On Jan 19, 2008 3:05 PM, I wrote:
> Hello,
>
> I have BOINC running in the background with niceness 19.
> With a 2.6.22 kernel, only idle cpu cycles get assigned to this process, as
> expected.
>
> But with the 2.6.24 kernel, the BOINC process gets at least about half of
> all CPU cycles, even if there's another process (owned by another user)
> requesting CPU cycles (e.g. "cat /dev/urandom > /dev/null")
>
> This happens with the Ubuntu kernel (from Hardy) and the daily builds from
> http://kernel-archive.buildserver.net/debian-kernel/ (where I've just tested
> rc8 now).
>
> It appears that every user (here "boinc" and my user) get the same portion
> of the overall CPU cycles, regardless of the process niceness.
>
> Is this expected behaviour?
>
> I'm using an AMD64 3000+ processor.
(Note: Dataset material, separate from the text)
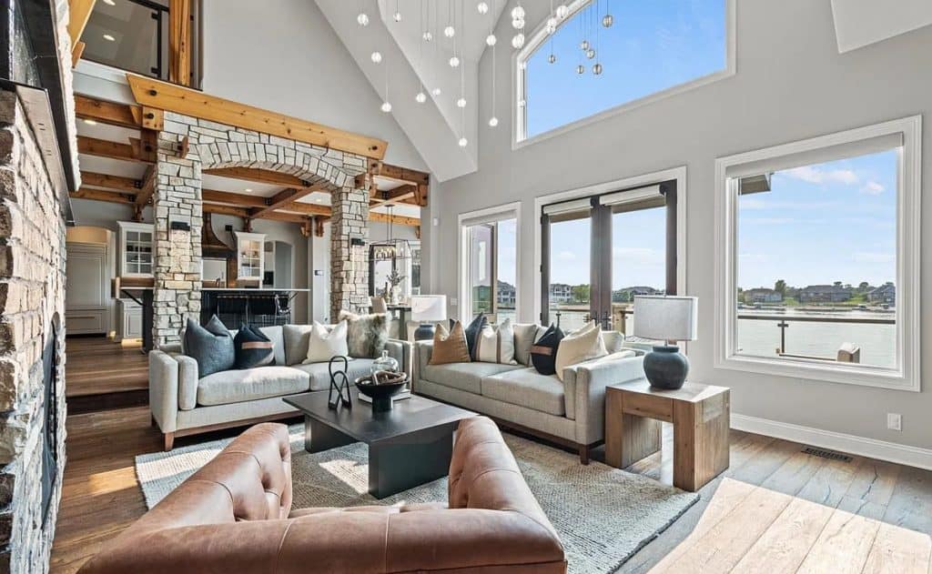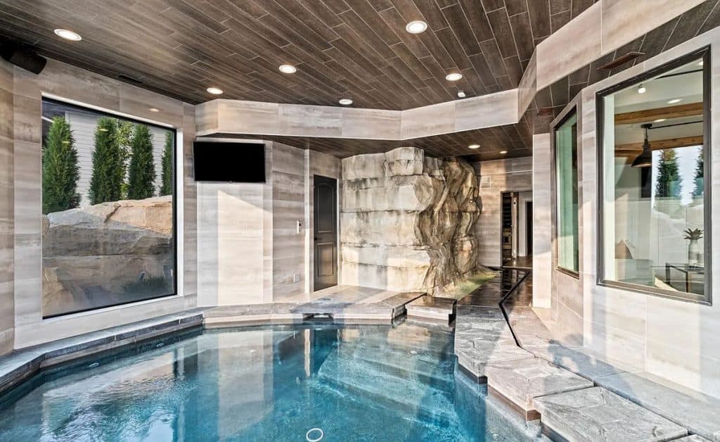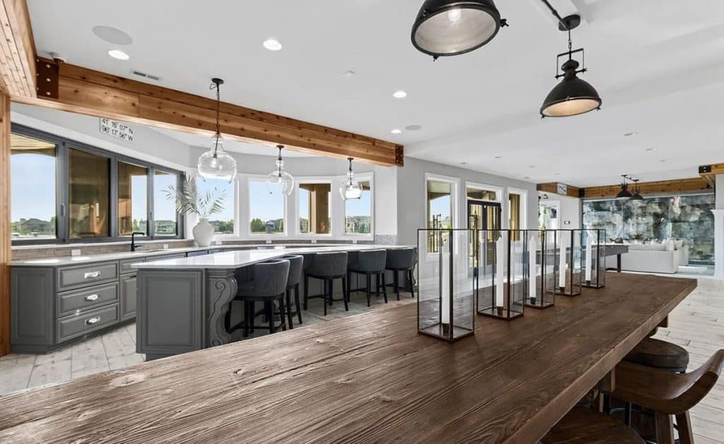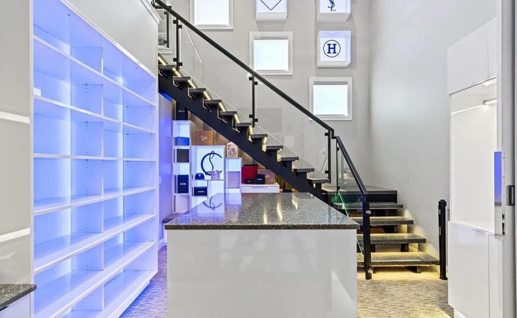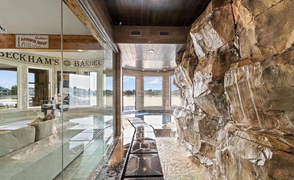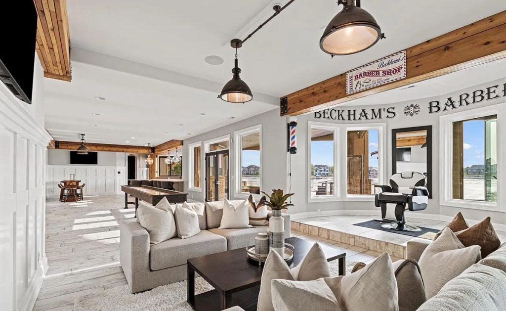 Car lovers will appreciate the 7-car garage, while culinary enthusiasts will delight in the kitchen fitted with top-of-the-line appliances. Get ready to be wowed by the never-before-seen primary suite, a genuine retreat that offers unmatched luxury. It comes complete with a private gym, access to a biometric gun safe, and a personal elevator. Each of the 5 bedrooms boasts its own en-suite bathroom, guaranteeing comfort and privacy for all. If you’re looking for an active lifestyle, you’ll love the half basketball court that leads to a secluded loft area, providing a peaceful space for relaxation or the ultimate play zone. Host gatherings in the remarkable basement, which features a large wet bar with bifold windows opening to the patio. Indulge in the lavish spa/sauna, thrilling arcade, indoor pool with a waterfall, or unwind in the home theater. Outdoor amenities include an infinity pool and the undeniable charm of waterfront living!

Please ask for additional information, if
> you need it (e.g. kernel config).
>
>
> TESTCASE:
> $ cat /dev/urandom > /dev/null &
> $ sudo -u another_user nice -n 19 python -c 'i = 0;
> while 1:
> i += i
> '
>
> EXPECTED RESULT:
> The niced process should get nearly no CPU cycles.
>
> ACTUAL RESULT:
> The niced process gets about half of the CPU cycles (according to "top").
>
>
> The bug has been reported for Ubuntu on https://launchpad.net/bugs/177713
>
>
> --
> http://daniel.hahler.de/
>



--
http://daniel.hahler.de/

2008-01-20 03:34:00

by Dhaval Giani

[permalink] [raw]
Subject: Re: Regression with idle cpu cycle handling in 2.6.24 (compared to 2.6.22)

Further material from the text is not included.